I worked with Dirk late in our hotel the night before, preparing and remotely testing two bootable USB images which were custom-built especially for the challenge: one for the Crowbar admin server, and one for the controller and compute nodes.

The clock was started when we booted the first node for installation, and stopped when we declared the nodes ready for stress-testing by the judges. It took us 53 minutes to prepare 6 servers: two admin servers (one as standby), two controllers, and two compute nodes running the KVM hypervisor.3 However we lost ~15 minutes simply through not realising that plugging a USB device directly into the server is far more performant than presenting virtual media through the remote console! And there were several other optimizations we didn’t have time to make, so I think in future we could manage the whole thing under 30 minutes.

However the exercise was a lot of fun and also highlighted several areas where we can make the product better.

At least three other well-known combinations of OpenStack distribution and deployment tools were used by other competitors. No-one else managed to finish deploying a cloud, so we don’t know how they would have fared against the HA tests. Perhaps everyone was too distracted by all the awesome sessions going on at the same time 😉

I have to send a huge thank-you to Dirk whose expertise in several areas, especially building custom appliances for rapid deployment, was a massive help. Also to Bernhard, Tom, and several other members of our kick-ass SUSE Cloud engineering team 🙂 And of course to Intel for arranging a really fun challenge.

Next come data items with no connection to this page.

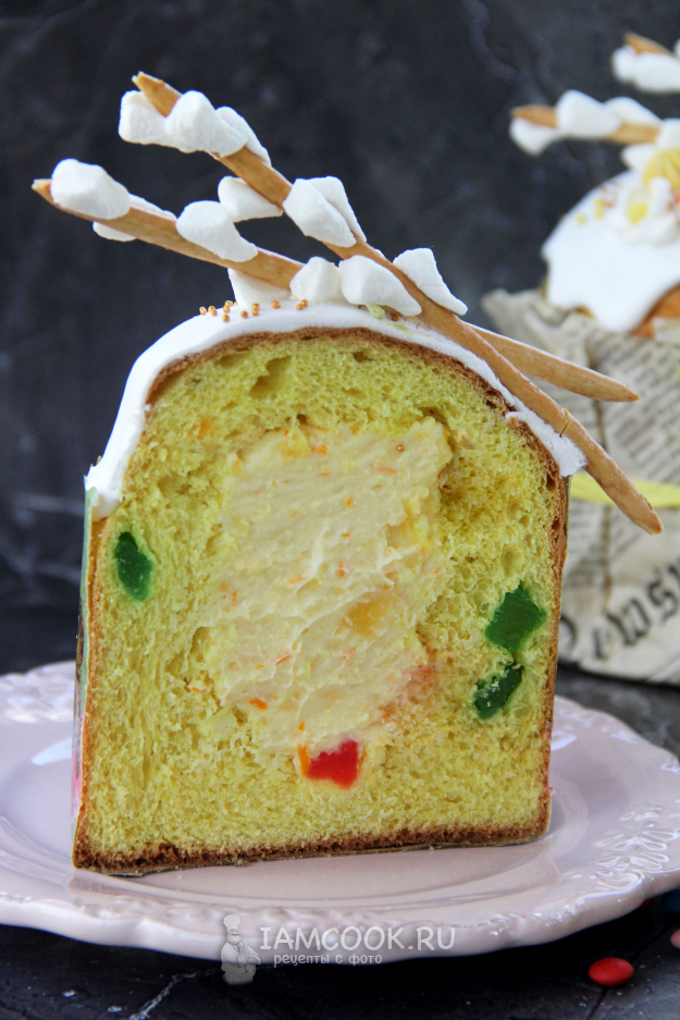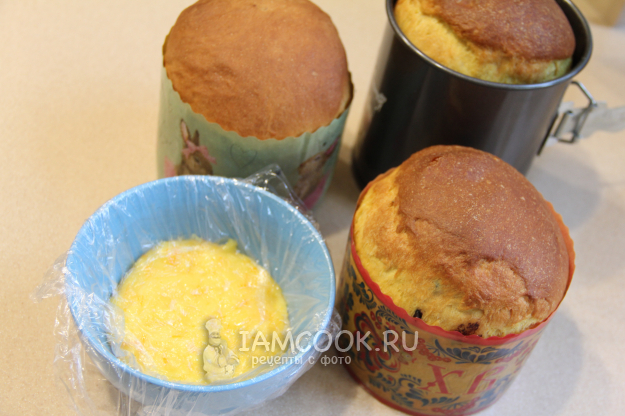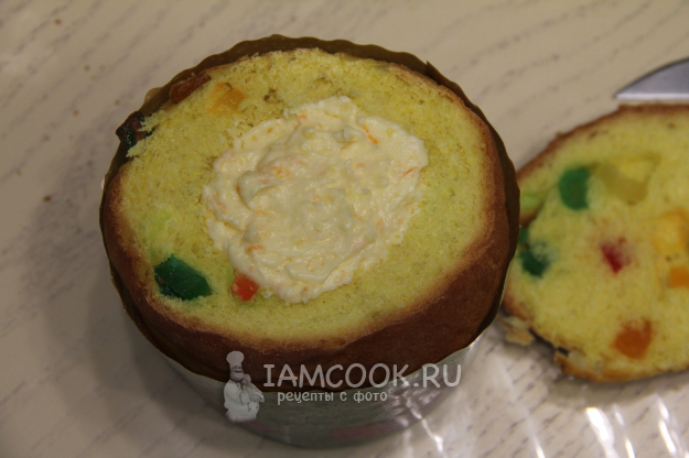 Наполнить кремом куличи. Я наполнила 2 кулича кремом, а один кулич оставила по классике.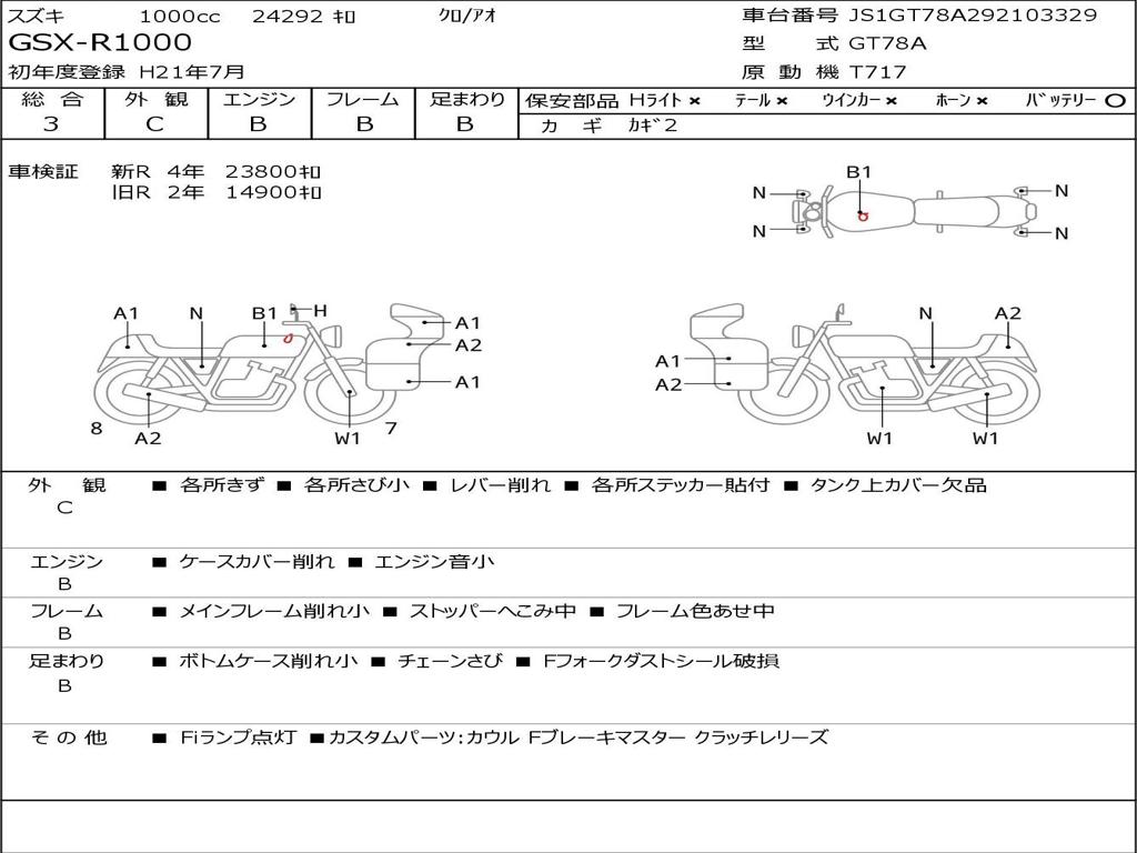 | Номер рамы / VIN | JS1GT78A292103329 |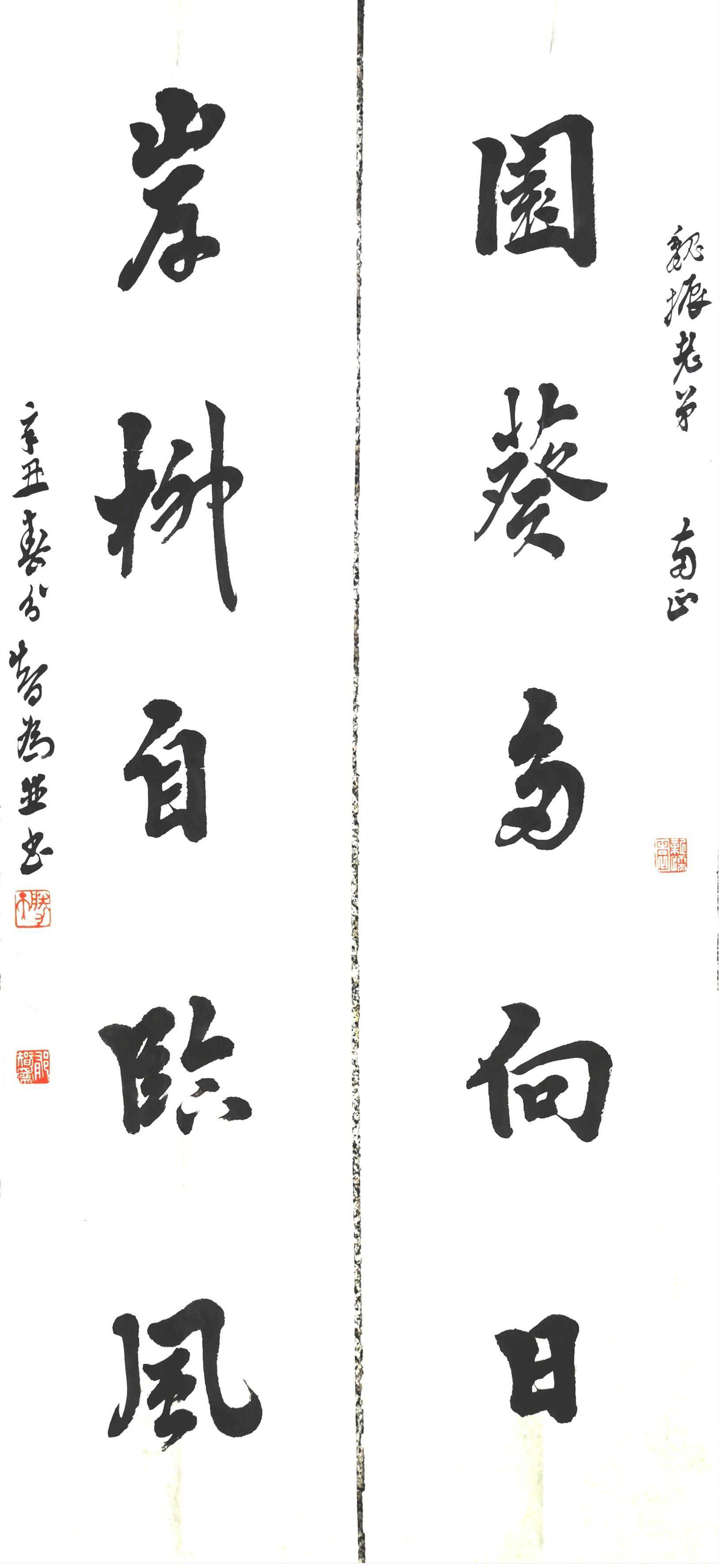 因此,胜天力求诗与书的相融,他以诗文作为书法的创作动力、风格依据和意境拓展,亦即好的诗词、联赋能激起书法创作的冲动,而合适的书法风格又能把诗词联赋演绎得更趋完美。在他的心目中,能被加上“诗一般的”四字桂冠,才是美好的书法作品。胜天的诗文创作实践丰富,书法四体皆能,书路亦宽,故能因诗作书,随势变化,得心应手。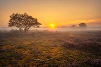 Zonsopkomst tijdens een mistige ochtend op de Westerheide bij Hilversum. De zon liet zich maar kort zien, maar zorgde voor een prachtig gouden gloed.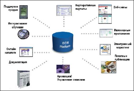 Однако, содержание далеко не всегда представлено в удобном структурированном формате. Чтобы убедиться в этом, достаточно взглянуть на экран компьютера типичного служащего вашей компании — вы увидите там потрясающее разнообразие видов неструктурированного содержания: документы, подготовленные в MS Word, брошюры в формате PDF, картинки в JPG, аудиозаписи, видеоклипы, вебстраницы в формате XML и HTML и так далее и тому подобное в зависимости от того, чем именно занимается ваше предприятие и конкретный сотрудник. Увы, это не электронные таблицы, с которыми мы все научились так легко обращаться, однако, оказывается, что и это море файлов различных форматов содержит жизненно необходимую для успеха вашего бизнеса информацию, причем содержит в гораздо большей степени, чем те данные, которые можно привести к структурированному виду. Многочисленными исследованиями установлено, что более 80% содержания, необходимого для функционирования предприятия, является именно неструктурированным, но всего лишь 10% предприятий используют те или иные системы для управления этим содержанием. Documentum 5 — корпоративная платформа, предоставляющая единообразные средства для работы с содержанием любого типа — документами, веб-страницами, графическими изображениями, чертежами, видеофайлами и т.п. Управление содержанием в масштабе предприятия (Enterprise Content Management) позволяет обеспечить всех сотрудников возможностью создания, управления, персонализированного представления и распространения содержания непосредственно в ходе выполнения ими своих обычных служебных обязанностей.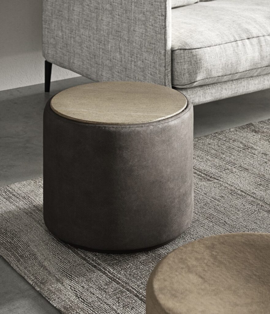 - La superficie superiore, disegnata in forma concava, permette di appoggiare comodamente il vassoio in laccato o essenza che lo completa, trasformandolo in un pratico e utile piano di appoggio.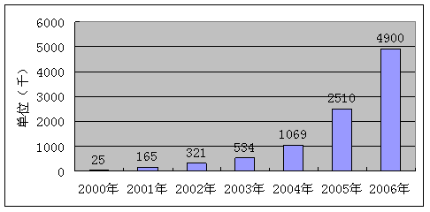 全球目前大約有700萬戶用戶使用移動PushE-mail業(yè)務(wù),其中大部分都屬于企業(yè)用戶。RIM(全稱為ResearchInMotion)公司的黑莓(Blackberry)是全球最成功的Push E-mail業(yè)務(wù),全球用戶已經(jīng)接近490萬戶,其中絕大多數(shù)用戶集中在北美,超過400萬戶,F(xiàn)在全球已經(jīng)有150家移動運營商采用RIM公司的黑莓業(yè)務(wù)為用戶提供Push E-mail業(yè)務(wù),不過一些市場新進入者正在崛起,如Seven、Visto、Nokia、微軟等公司,這些公司也看好這個市場,正在大舉進入。Intellisync公司預(yù)測到2008年全球用戶將超過4000萬戶。圖1為RIM公司2000-2006年Blackberry用戶數(shù)。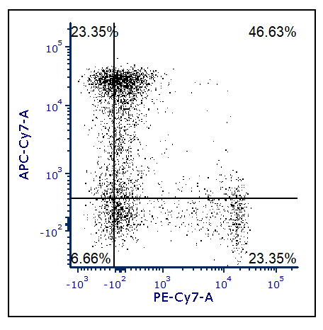 For example, in the plot below, the centerpoint of the quadrants is set at the 30th percentile along the X axis and Y axis. When the arms of the quadrants are each parallel to an axis (and form 90 degree angles), the percentage of events in the Upper-Left and Lower-Left quadrants total 30%. Likewise, the percentage of events in the Lower-Left and Lower-Right quadrants total 30%.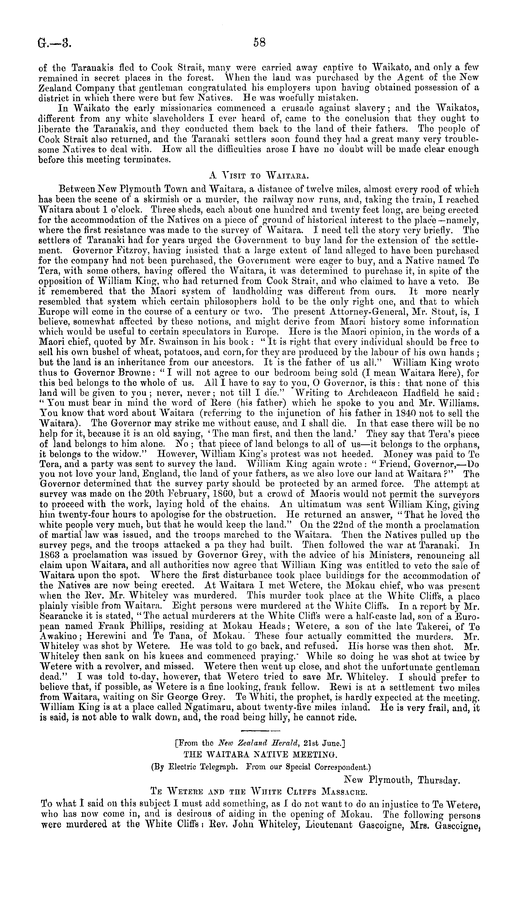 of tlie Taranakis fled to Cook Strait, many were carried away captive to Waikato, and only a few remained in secret places in the forest. When the land was purchased by the Agent of the New Zealand Company that gentleman congratulated his employers upon having obtained possession of a district in which there were but few Natives. He was woefully mistaken. In Waikato the early missionaries commenced a crusade against slavery; and the Waikatos, different from any white slaveholders I ever heard of, came to the conclusion that they ought to liberate the Tarauakis, and they conducted them back to the land of their fathers. The people of Cook Strait also returned, and the Tarauaki settlers soon found they had a great many very troublesome Natives to deal with. How all the difficulties arose I have no doubt will be made clear enough before this meeting terminates. A Visit to Waitaka. Between New Plymouth Town and Waitara, a distance of twelve miles, almost every rood of which has been the scene of a skirmish or a murder, the railway now runs, and, taking the train, I reached Waitara about 1 o'clock. Three sheds, each about one hundred and twenty feet long, are being erected for the accommodation of the Natives on a piece of ground of historical interest to the place—namely, where the first resistance was made to the survey of Waitara. I need tell the story very briefly. The settlers of Taranaki had for years urged the Government to buy land for the extension of the settlement. Governor Fitzroy, having insisted that a large extent of land alleged to have been purchased for the company had not been purchased, the Government were eager to buy, and a Native named Te Tera, with some others, having offered the Waitara, it was determined to purchase it, in spite of the opposition of William King, who had returned from Cook Strait, and who claimed to have a veto. Be it remembered that the Maori system of landholding was different from ours. It more nearly resembled that system which certain philosophers hold to be the only right one, and that to which Europe will come in the course of a century or two. The present Attorney-General, Mr. Stout, is, I believe, somewhat affected by these notions, and might derive from Maori history some information which would be useful to certain speculators in Europe. Here is the Maori opinion, in the words of a Maori chief, quoted by Mr. Swainson in his book : " It is right that every individual should be free to sell his own bushel of wheat, potatoes, and corn, for they are produced by the labour of his own hands ; but the land is an inheritance from our ancestors. It is the father of us all." William King wrote thus to Governor Browne: " I will not agree to our bedroom being sold (I mean Waitara Here), for this bed belongs to the whole of us. All I have to say to you, O Governor, is this : that none of this land will be given to you ; never, never; not till I die." Writing to Archdeacon Hadfield he said: " Tou must bear in mind the word of Here (his father) which he spoke to you and Mr. Williams. You know that word about Waitara (referring to the injunction of his father in 1840 not to sell the Waitara). The Governor may strike me without cause, and I shall die. In that case there will be no help for it, because it is an old saying, ' The man first, and then the land.' They say that Tera's piece of land belongs to him alone. No ; that piece of land belongs to all of vs —it belongs to the orphans, it belongs to the widow." However, William King's protest was not heeded. Money was paid to Te Tcra, and a party was sent to survey the land. William King again wrote : " Friend, Governor, —Do you not love your land, England, the land of your fathers, as wo also love our land at Waitara ?" The Governor determined that the survey party should be protected by an armed force. The attempt at survey was made on the 20th February, ISOO, but a crowd of Maoris would not permit the surveyors to proceed with the work, laying hold of the chains. An ultimatum was sent William King, giving him twenty-four tours to apologise for the obstruction. He returned an answer, "That he loved the white people very much, but that he would keep the land." On the 22nd of the month a proclamation of martial law was issued, and the troops marched to the Waitara. Then the Natives pulled up the survey pegs, and the troops attacked apa they had built. Then followed the war at Taranaki. In 1863 a proclamation was issued by Governor Grey, with the advice of his Ministers, renouncing all claim upon Waitara, and all authorities now agree that William King was entitled to veto the sale of Waitara upon the spot. Where the first disturbance took place buildings for the accommodation of the Natives are now being erected. At Waitara I met Wetere, the Mokau chief, who was present when the llev. Mr. Whiteley was murdered. This murder took place at the White Cliffs, a place plainly visible from Waitara. Eight persons were murdered at the White Cliffs. In a report by Mr. Searancke it is stated, "The actual murderers at the White Clift's were a half-caste lad, son of a European named Frank Phillips, residing at Mokau Heads; Wetere, a son of the late Takerei, of Te Awakino; Herewini and Te Tana, of Mokau. ' These four actually committed the murders. Mr. Whiteley was shot by Wetere. He was told to go back, and refused. His horse was then shot. Mr. Whiteley then sank on his knees and commenced praying." While so doing he was shot at twice by Wetere with a revolver, and missed. Wetere then went up close, and shot the uufortunate gentleman dead." I was told to-day, however, that Wetere tried to save Mr. Whiteley. I should prefer to believe that, if possible, as Wetere is a fine looking, frank fellow. Eewi is at a settlement two miles from Waitara, waiting on Sir George Grey. Te Whiti, the prophet, is hardly expected at the meeting. William King is at a place called Ngatimaru, about twenty-five miles inland. He is very 
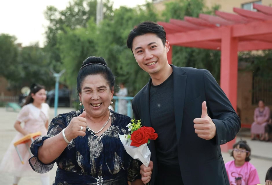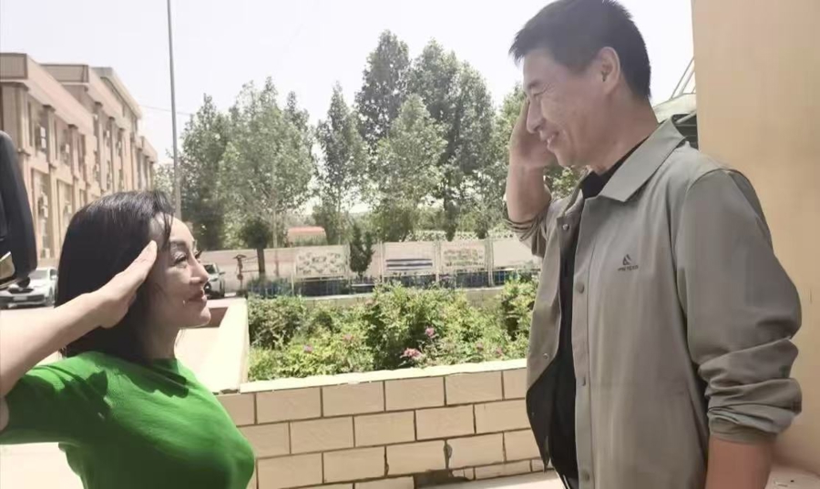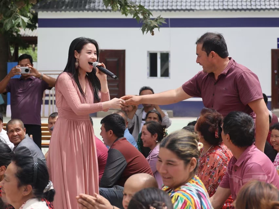 在泽普县福利院的慰问演出现场,声乐演员黄晓与县民政局局长张建强交谈时,得知这位民政干部27年前竟是海拔5380米的“神仙湾哨所”的一名班长。去年,黄晓曾随团登上神仙湾哨所慰问演出,张建强得知后,向她敬了一个军礼:“真没想到你们能去我的老部队,那可是‘生命禁区’啊!你们不仅上去了,还在那种极端环境下完成演唱,实在太了不起了。” 同为退役军人的黄晓回了一个军礼:“你们在最艰苦的地方守护国门,这份坚守值得我们崇敬,把歌声送到祖国最需要的地方,是我们最大的光荣。”

I’m sure next time they’ll think of some great new ways to stretch our brains!

Footnotes:

1

Automating deployment of an HA cloud presented a lot of architectural and engineering challenges, and I’m painfully aware that I still owe the OpenStack and Chef communities a long overdue blog post on this, as well as more information about the code on github.

2

The result is a virtualized Vagrant environment can deploy a fully HA environment in VMs from a simple one-line command! It is intended to be used by anyone who wants to quickly deploy/demo/test SUSE Cloud: developers, Sales Engineers, partners, and customers alike. I also needed it for the hands-on workshop I co-presented with Florian Haas of Hastexo fame (slides and video now available), and also for an upcoming workshop at SUSEcon.

3

Once the nodes were registered in Crowbar, we fed a simple YAML file into the new crowbar batch build command and it built the full cluster of OpenStack services in ~20 minutes.